## TASK TO CARRY OUT
Below are some entries. Transcribe the lines from the one holding "ベンチを乗り物にして「しゅっぱつ、しんこ~う✊」" to the one holding "소년과 소녀를위한 코튼", inclusive, but not the pictures among them.

## EXTRACTED DATA
######

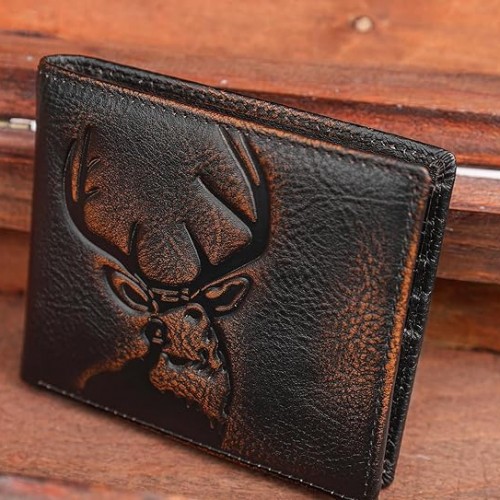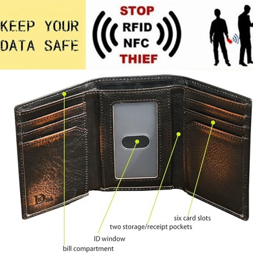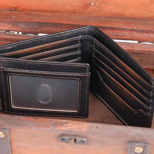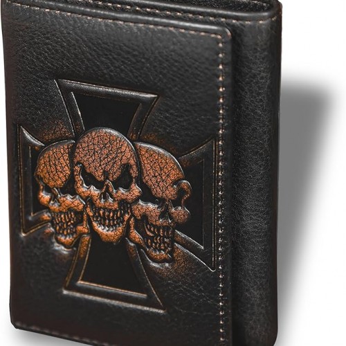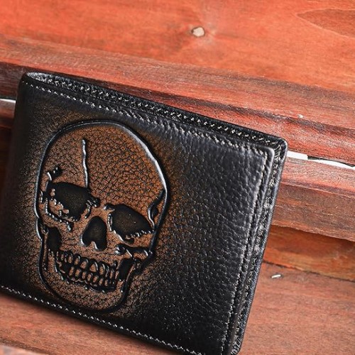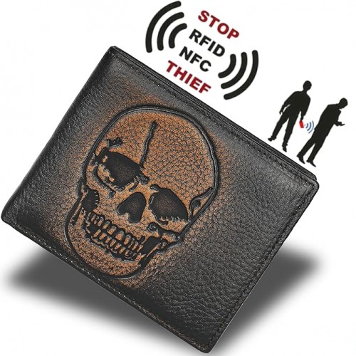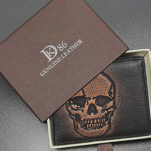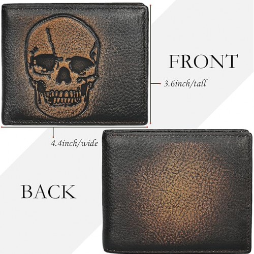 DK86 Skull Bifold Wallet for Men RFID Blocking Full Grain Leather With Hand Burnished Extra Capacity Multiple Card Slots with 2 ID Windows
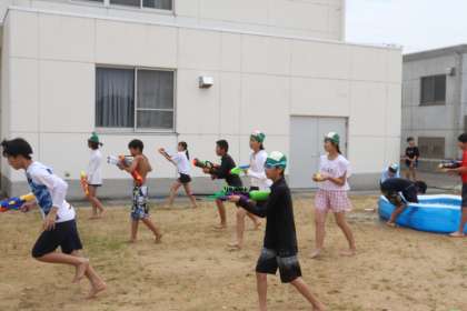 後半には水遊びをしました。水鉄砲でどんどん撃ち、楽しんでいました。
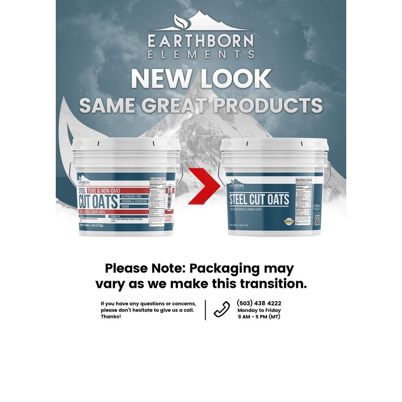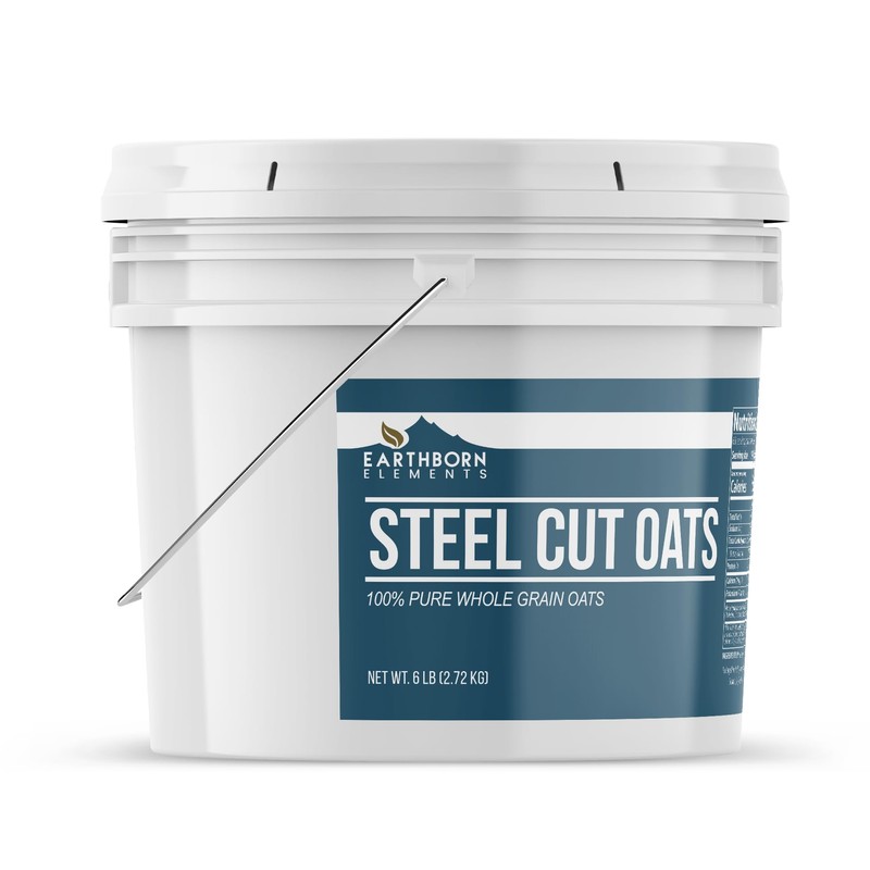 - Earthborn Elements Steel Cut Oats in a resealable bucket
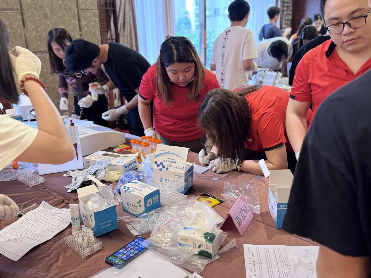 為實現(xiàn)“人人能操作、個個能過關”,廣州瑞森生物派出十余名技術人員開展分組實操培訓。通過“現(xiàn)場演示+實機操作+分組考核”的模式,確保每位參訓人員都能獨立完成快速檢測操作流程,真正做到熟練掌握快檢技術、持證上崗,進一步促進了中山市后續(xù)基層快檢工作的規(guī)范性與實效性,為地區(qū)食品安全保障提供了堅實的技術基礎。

######

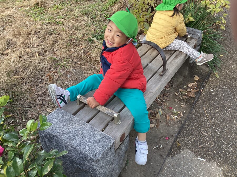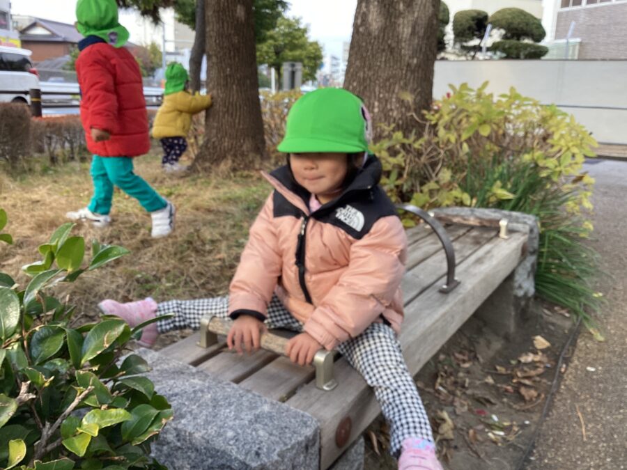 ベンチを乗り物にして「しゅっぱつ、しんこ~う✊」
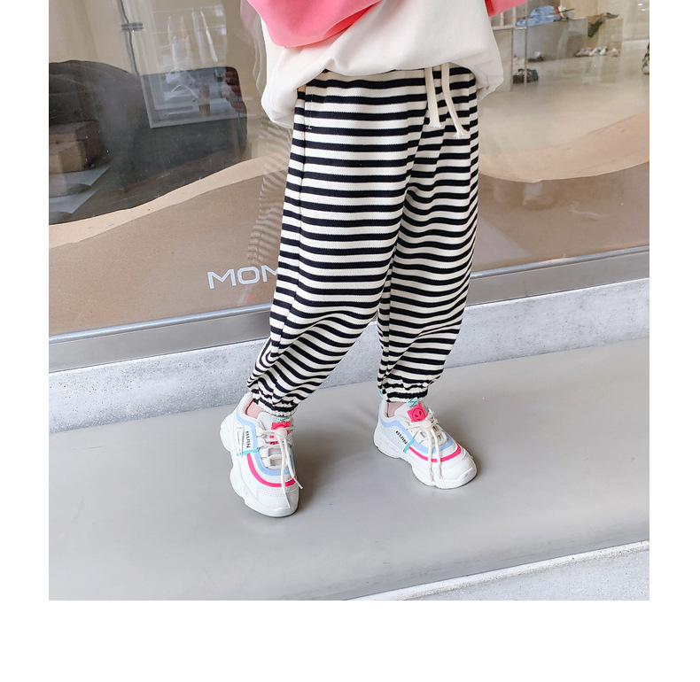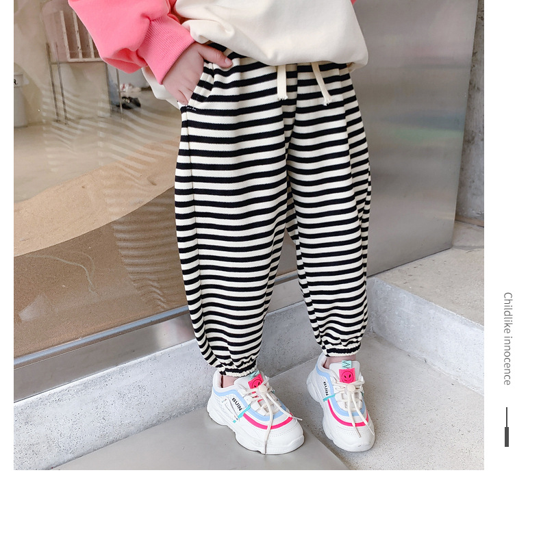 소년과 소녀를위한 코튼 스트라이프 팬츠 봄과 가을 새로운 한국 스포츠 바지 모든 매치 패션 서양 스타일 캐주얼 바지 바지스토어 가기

######

## ANSWER AREA
 ベンチを乗り物にして「しゅっぱつ、しんこ~う✊」
 소년과 소녀를위한 코튼 스트라이프 팬츠 봄과 가을 새로운 한국 스포츠 바지 모든 매치 패션 서양 스타일 캐주얼 바지 바지스토어 가기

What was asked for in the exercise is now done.